Flags to modify path resolution behavior are specified in the @flags
argument. Currently, AT_EMPTY_PATH, AT_RECURSIVE, AT_SYMLINK_NOFOLLOW,
and AT_NO_AUTOMOUNT are supported. If useful, additional lookup flags to
restrict path resolution as introduced with openat2() might be supported
in the future.

The mount_setattr() syscall can be expected to grow over time and is
designed with extensibility in mind. It follows the extensible syscall
pattern we have used with other syscalls such as openat2(), clone3(),
sched_{set,get}attr(), and others.
The set of mount options is passed in the uapi struct mount_attr which
currently has the following layout:

struct mount_attr {
	__u64 attr_set;
	__u64 attr_clr;
	__u64 propagation;
	__u64 userns_fd;
};

The @attr_set and @attr_clr members are used to clear and set mount
options. This way a user can e.g. request that a set of flags is to be
raised such as turning mounts readonly by raising MOUNT_ATTR_RDONLY in
@attr_set while at the same time requesting that another set of flags is
to be lowered such as removing noexec from a mount tree by specifying
MOUNT_ATTR_NOEXEC in @attr_clr.

Note, since the MOUNT_ATTR_&lt;atime&gt; values are an enum starting from 0,
not a bitmap, users wanting to transition to a different atime setting
cannot simply specify the atime setting in @attr_set, but must also
specify MOUNT_ATTR__ATIME in the @attr_clr field. So we ensure that
MOUNT_ATTR__ATIME can't be partially set in @attr_clr and that @attr_set
can't have any atime bits set if MOUNT_ATTR__ATIME isn't set in
@attr_clr.

The @propagation field lets callers specify the propagation type of a
mount tree. Propagation is a single property that has four different
settings and as such is not really a flag argument but an enum.
Specifically, it would be unclear what setting and clearing propagation
settings in combination would amount to.

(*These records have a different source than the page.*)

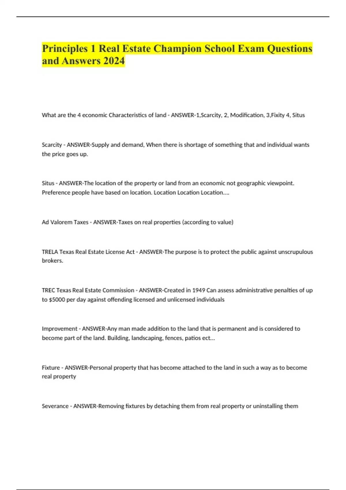 Principles 1 Real Estate Champion School Exam Questions and Answers 2024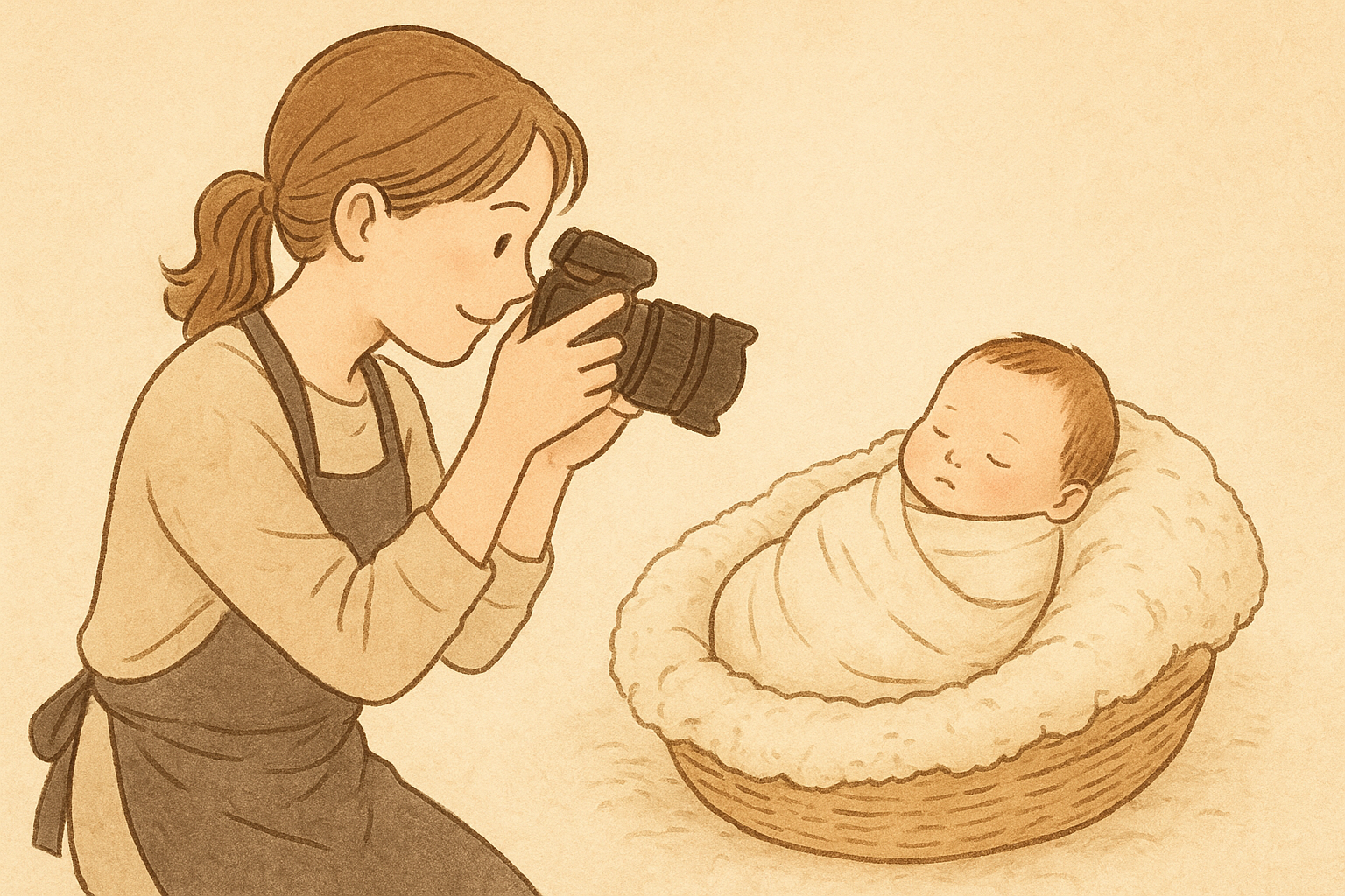 ニューボンフォトとは、新生児期の写真で、胎内姿の写真を撮るので、体が硬くなる前の生後7〜14日(遅くとも30日以内)くらいに撮ります。今回は妻の友人のカメラマンが出産祝いとして撮ってくれました。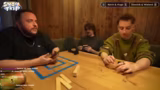 00:49:31Das dritte Spiel heißt 'Treppensack'. Hierbei werfen die Teams abwechselnd Sack auf eine Treppe. Ein Punkt zählt nur, wenn der Sack auf einer Treppenstufe liegen bleibt und nicht herunterfällt. Die Runde wird im Modus 'Best of Five' gespielt, was den Druck erhöht. Die Streamer, insbesondere Wieland, haben trotz einer gebrochenen Rippe zu kämpfen, was die Anspannung zusätzlich steigert. Team Schwabenland dominiert das Spiel und geht früh in Führung.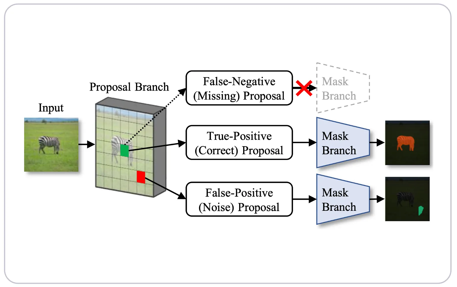 이러한 구조로 인해, Mask Branch의 성능이 우월하더라도, Proposal이 없거나 잘못된다면 그에 준하는 성능을 낼 수 없습니다. 즉, Proposal branch에서 병목이 발생하는 것입니다.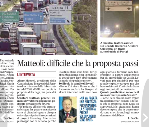15 novembre 2013 – Il Messaggero. Matteoli: difficile che la proposta passi

The legacy mount() syscall thus
forbids the combination of multiple propagation settings too. The goal
is to keep the semantics of mount propagation somewhat simple as they
are overly complex as it is.

The @userns_fd field lets user specify a user namespace whose idmapping
becomes the idmapping of the mount. This is implemented and explained in
detail in the next patch.

[1]: commit 2e4b7fcd9260 ("[PATCH] r/o bind mounts: honor mount writer counts at remount")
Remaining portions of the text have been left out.